Exercise aim: Once the line with "Welcome To Family" is found in the entries below, print it and each following line exactly, stopping after the line with "Для создания более"; print nothing else.

Supplied entries:
============================================================
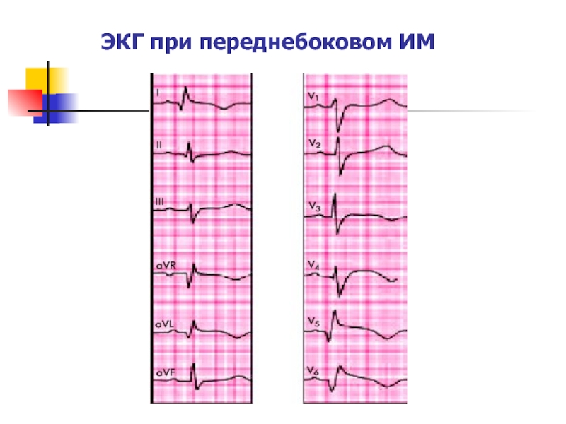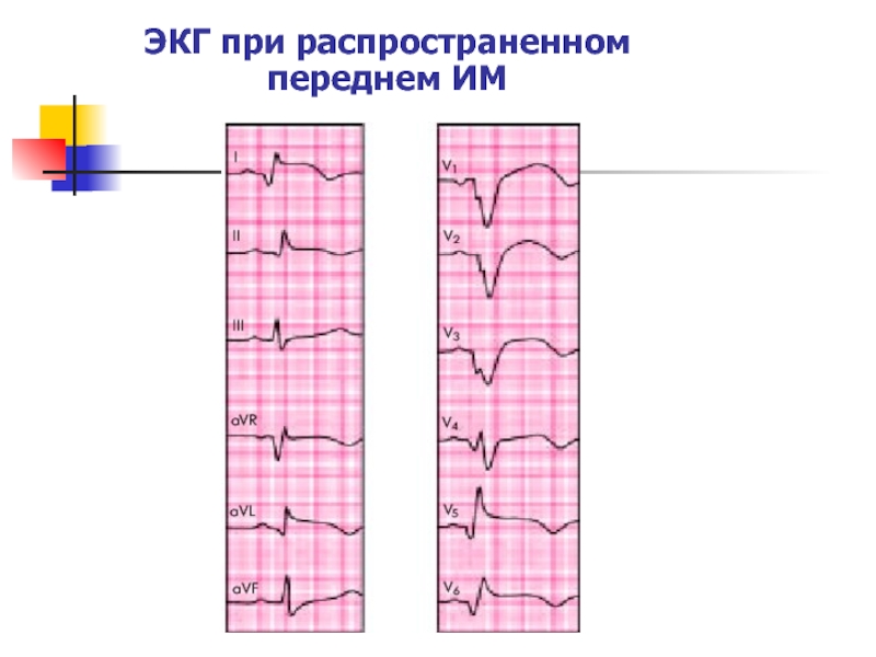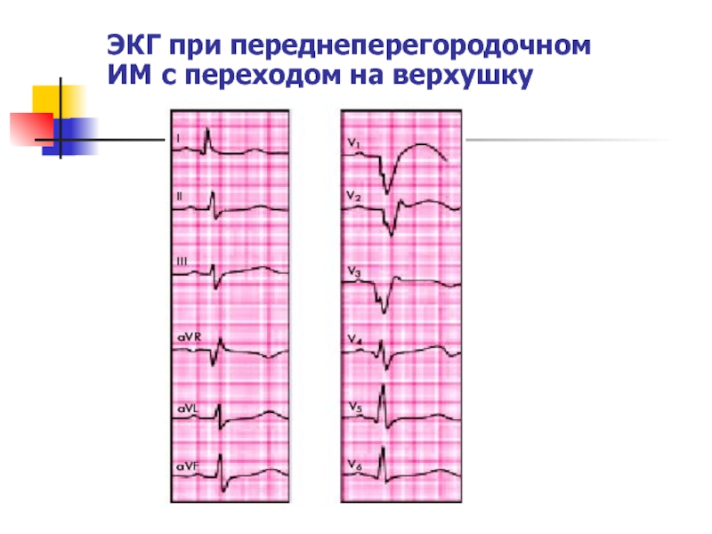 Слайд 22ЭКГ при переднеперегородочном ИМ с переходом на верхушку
============================================================
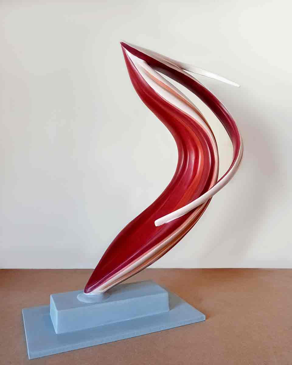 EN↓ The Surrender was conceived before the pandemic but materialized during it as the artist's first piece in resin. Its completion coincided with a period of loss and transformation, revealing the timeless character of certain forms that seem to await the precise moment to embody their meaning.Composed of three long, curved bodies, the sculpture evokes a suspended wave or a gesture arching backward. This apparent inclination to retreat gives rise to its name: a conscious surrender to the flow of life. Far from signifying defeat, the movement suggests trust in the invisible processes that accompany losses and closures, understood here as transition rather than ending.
============================================================
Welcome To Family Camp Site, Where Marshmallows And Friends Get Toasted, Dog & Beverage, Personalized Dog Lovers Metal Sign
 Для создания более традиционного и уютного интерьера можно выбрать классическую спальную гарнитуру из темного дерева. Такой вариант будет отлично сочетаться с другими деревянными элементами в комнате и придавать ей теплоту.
============================================================
Output below:
Welcome To Family Camp Site, Where Marshmallows And Friends Get Toasted, Dog & Beverage, Personalized Dog Lovers Metal Sign
 Для создания более традиционного и уютного интерьера можно выбрать классическую спальную гарнитуру из темного дерева. Такой вариант будет отлично сочетаться с другими деревянными элементами в комнате и придавать ей теплоту.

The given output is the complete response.